Better argument parsing with Getopt::Long

leontimmermans profile image Leon Timmermans ・5 min read

The problem

Raku has a built-in argument parser. This is a really good idea, given how common argument parsing it, but I still ended up writing my own, and to explain why I did so, I should first explain what the built-in parser does.

The raku built-in parser is a blind parser. This means that it converts the input arguments into a Capture without any knowledge of the MAIN sub, and then tries to call MAIN with that capture. This has several implications.

The first is that the input syntax has to be context-free. It allows for -foo/--foo (meaning :foo), -/foo/--/foo (meaning :!foo) and -foo=bar/--foo=bar (meaning :foo(val("bar"))). It does not allow traditional unix syntaxes such as -j2 or --jobs 2 as that would require knowing in advance that those two options take an argument.
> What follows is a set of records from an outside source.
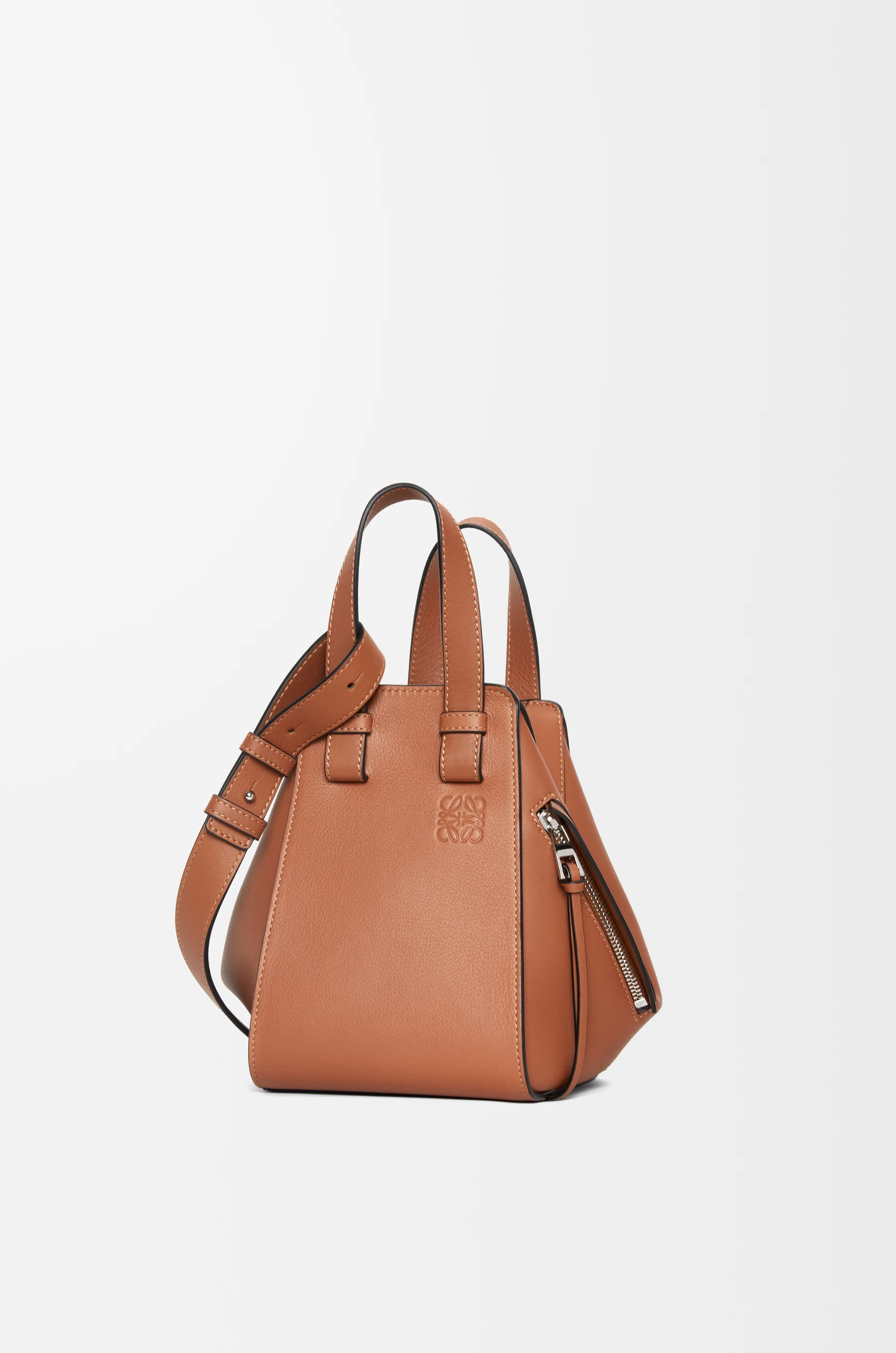 The Hammock is a multifunctional bag with supple side panels that release to change its shape. This compact version is crafted in classic calfskin. - Shoulder, crossbody or hand carry - Detachable and adjustable strap, top handles - Internal hook closure - One external zip pocket, two internal slip pockets - Herringbone cotton canvas lining - Embossed Anagram Details - Colour : Tan - Metallic colour : Palladium - Main material : Classic Calf - Strap length : 78 - 85 cm - Strap Drop : 53 - 57 cm - Handle drop : 10 cm - Weight : 0.5 kg - Height (cm) : 20.8 - Width (cm) : 14.4 - Depth (cm) : 19.5 - Height (inch) : 8.2 - Width (inch) : 5.7 - Depth (inch) : 7.7 - Model ID : A538H13X10 - CIL : - 0010851996 - Made in : Spain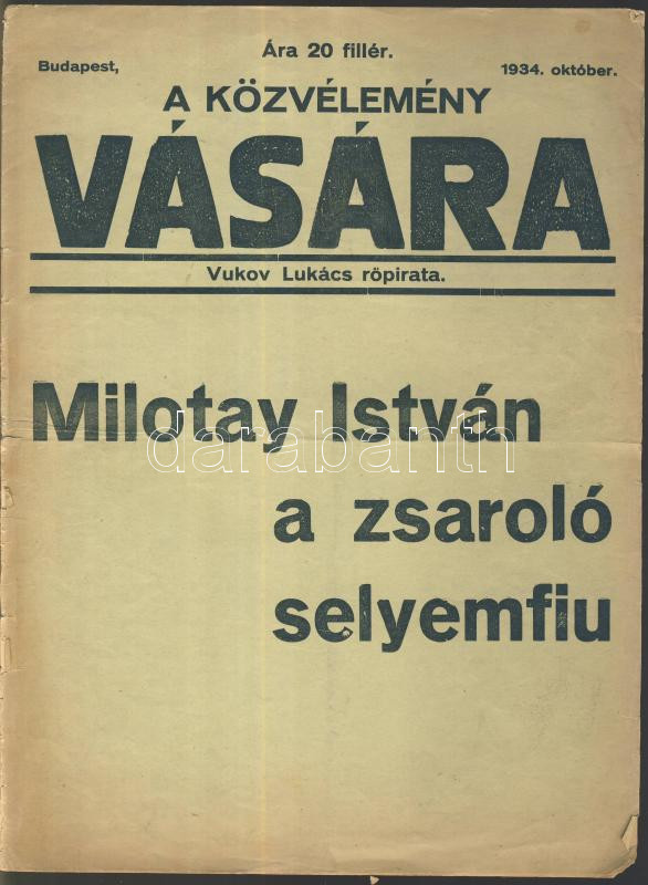 Vukov Lukács: Milotay István a zsaroló selyemfiú c. röpirata 8p. https://www.darabanth.com/hu/163-Gyorsarveres/163.0/Festmeny-mutargy-papirregiseg-egyeb/Nyomtatvanyok~1600026/Vukov-Lukacs-Milotay-Istvan-a-zsarolo-selyemfiu-c-ropirata-8p~II529698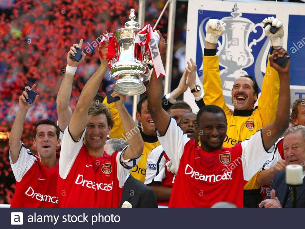 Disciplinary problems beset Patrick during his time with Arsenal and it was feared that he was prepared to turn his back on English football as he felt victimised. Wenge, several Arsenal players and fans supported him publicly, amid speculation that Italian club Juventus were prepared to offer Vieira an escape route. However Patrick stayed and Arsenal finished second in the league for a third consecutive season and runners-up to Liverpool in 2001 FA Cup Final. He was later named the club vice-captain, to ensure he would succeed Tony Adams as captain. In the 2001–02 season; Arsenal regained the league and beat Chelsea in the 2002 FA Cup Final to complete a second double. In 2003, Patrick missed Arsenal’s title run-in, due to a knee injury, and they were overtaken by Manchester United who took first place. He was also ruled out of the 2003 FA Cup Final, which Arsenal won, but jointly lifted the trophy with captain for the day, David Seaman.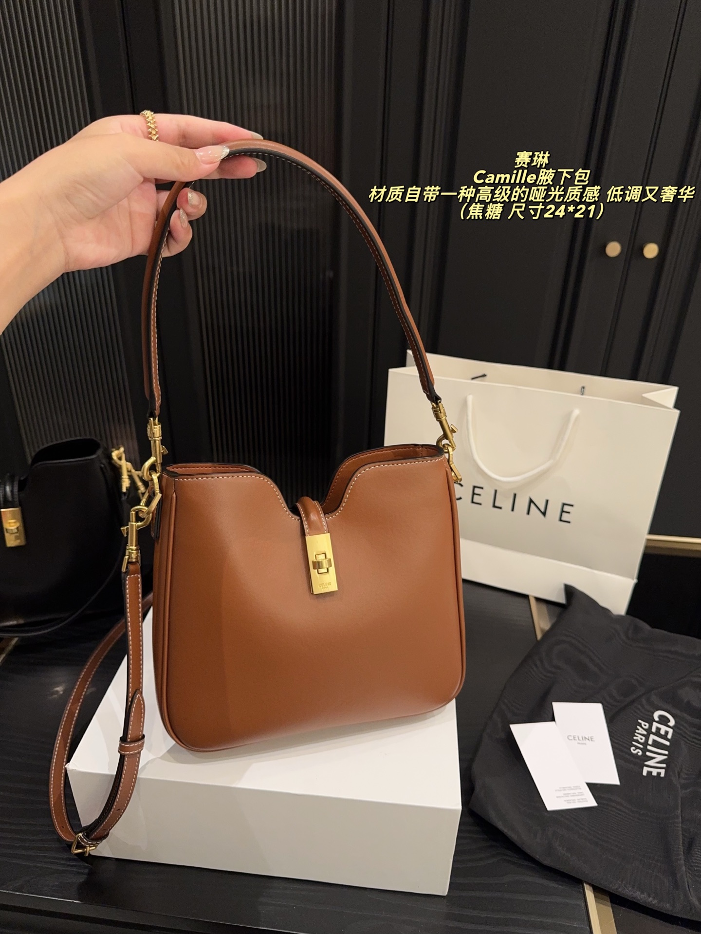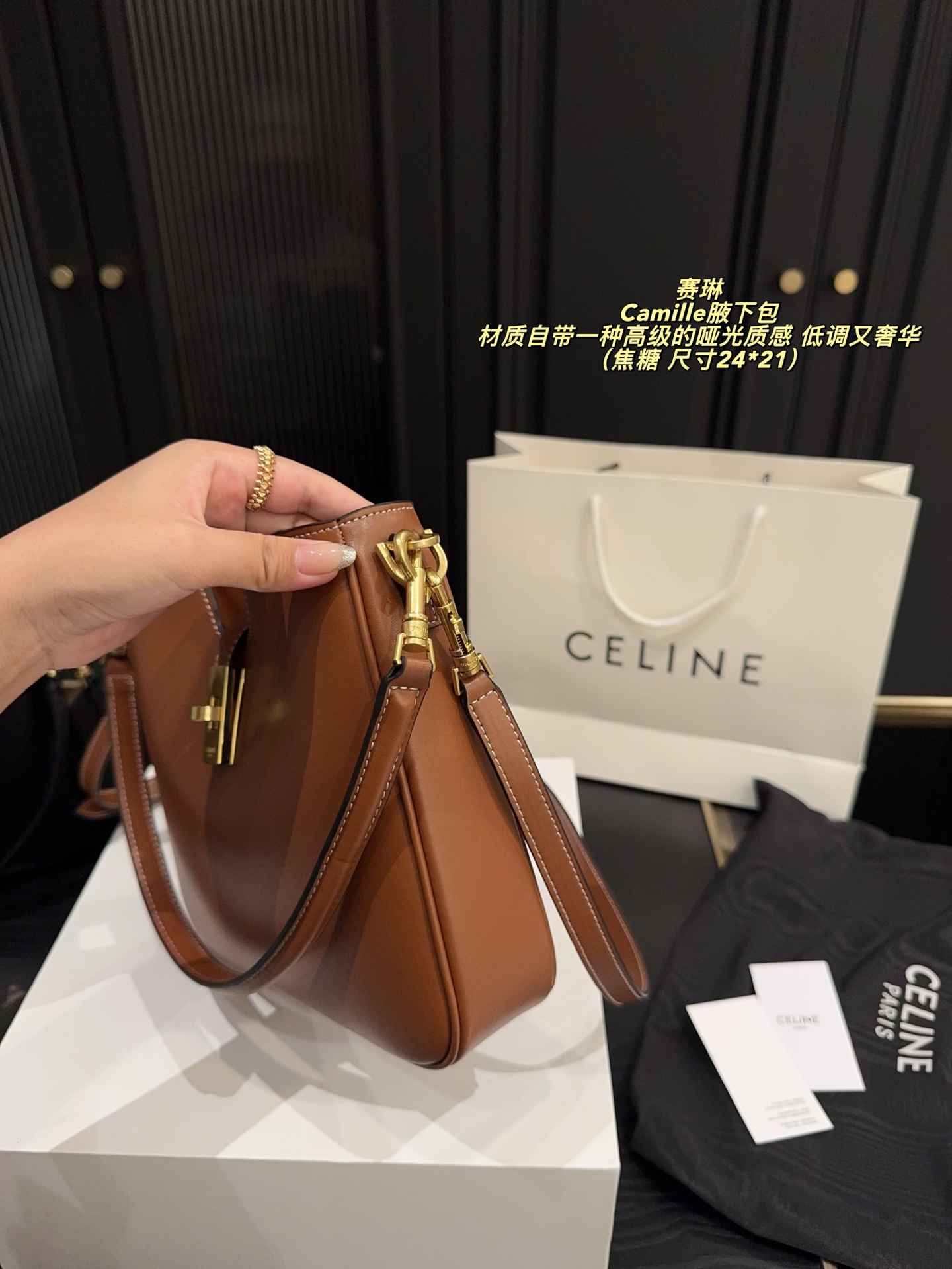 💰390配折叠盒⚠️尺寸24*21 赛琳 CELINE Camille 腋下包 时尚圈又扔出重磅炸弹!CELINE Camille新品震撼登场,谁懂我看到它那一刻的心动! 🎨设计上,CELINE把先锋美学玩到极致。新品保留经典16锁扣元素,却在形状和细节上大胆创新,线条更加流畅灵动,多了几分随性不羁,让人一眼就沦陷。这次材质的选择也超有诚意,特殊处理的皮革不仅触感柔软,还自带一种高级的哑光质感,低调又奢华。

The second issue with is is that it fails in very confusing ways. To explain this I will give some examples using zef (chosen because of its ubiquity).

$ zef instal
Usage:
  zef [--force|--force-fetch] [--timeout|--fetch-timeout=<Int>] [--degree|--fetch-degree=<Int>] [--update=<Any>] fetch [<identities> ...] -- Download specific distributions
  zef [--force|--force-test] [--timeout|--test-timeout=<Int>] test [<paths> ...] -- Run tests
  zef [--force|--force-build] [--timeout|--build-timeout=<Int>] build [<paths> ...] -- Run Build.pm
  zef [--fetch] [--build] [--test] [--depends] [--test-depends] [--build-depends] [--force] [--force-resolve] [--force-fetch] [--force-extract] [--force-build] [--force-test] [--force-install] [--timeout=<Int>] [--fetch-timeout=<Int>] [--extract-timeout=<Int>] [--build-timeout=<Int>] [--test-timeout=<Int>] [--install-timeout=<Int>] [--degree=<Int>] [--fetch-degree=<Int>] [--test-degree=<Int>] [--dry] [--upgrade] [--deps-only] [--serial] [--contained] [--update=<Any>] [--exclude=<Any>] [--to|--install-to=<Any>] install [<wants> ...] -- Install
  zef [--from|--uninstall-from=<Any>] uninstall [<identities> ...] -- Uninstall
  zef [--wrap=<Int>] [--update=<Any>] search [<terms> ...] -- Get a list of possible distribution candidates for the given terms
  zef [--max=<Int>] [--update=<Any>] [-i|--installed] list [<at> ...] -- A list of available modules from enabled repositories
  zef [--fetch] [--build] [--test] [--depends] [--test-depends] [--build-depends] [--force] [--force-resolve] [--force-fetch] [--force-extract] [--force-build] [--force-test] [--force-install] [--timeout=<Int>] [--fetch-timeout=<Int>] [--extract-timeout=<Int>] [--build-timeout=<Int>] [--test-timeout=<Int>] [--install-timeout=<Int>] [--degree=<Int>] [--fetch-degree=<Int>] [--test-degree=<Int>] [--dry] [--update] [--serial] [--exclude=<Any>] [--to|--install-to=<Any>] upgrade [<identities> ...] -- Upgrade installed distributions (BETA)
  zef [--depends] [--test-depends] [--build-depends] depends <identity> -- View dependencies of a distribution
  zef [--depends] [--test-depends] [--build-depends] rdepends <identity> -- View direct reverse dependencies of a distribution
  zef [--sha1] locate <identity> -- Lookup locally installed distributions by short-name, name-path, or sha1 id
  zef [--update=<Any>] [--wrap=<Int>] info <identity> -- Detailed distribution information
  zef [--open] browse <identity> <url-type> -- Browse a distribution's available support urls (homepage, bugtracker, source)
  zef look <identity> -- Download a single module and change into its directory
  zef [--fetch] [--build] [--test] [--depends] [--test-depends] [--build-depends] [--force] [--force-resolve] [--force-fetch] [--force-extract] [--force-build] [--force-test] [--force-install] [--timeout=<Int>] [--fetch-timeout=<Int>] [--extract-timeout=<Int>] [--build-timeout=<Int>] [--test-timeout=<Int>] [--install-timeout=<Int>] [--degree=<Int>] [--fetch-degree=<Int>] [--test-degree=<Int>] [--update] [--upgrade] [--dry] [--serial] [--exclude=<Any>] [--to|--install-to=<Any>] smoke -- Smoke test
  zef update [<names> ...] -- Update package indexes
  zef [--confirm] nuke [<names> ...] -- Nuke module installations (site, home) and repositories from config (RootDir, StoreDir, TempDir)
  zef [--version] -- Detailed version information
  zef [-h|--help]
Enter fullscreen mode Exit fullscreen mode

The problem here is a simple typo in the word "install", but nothing in this wall of output actually hints at that.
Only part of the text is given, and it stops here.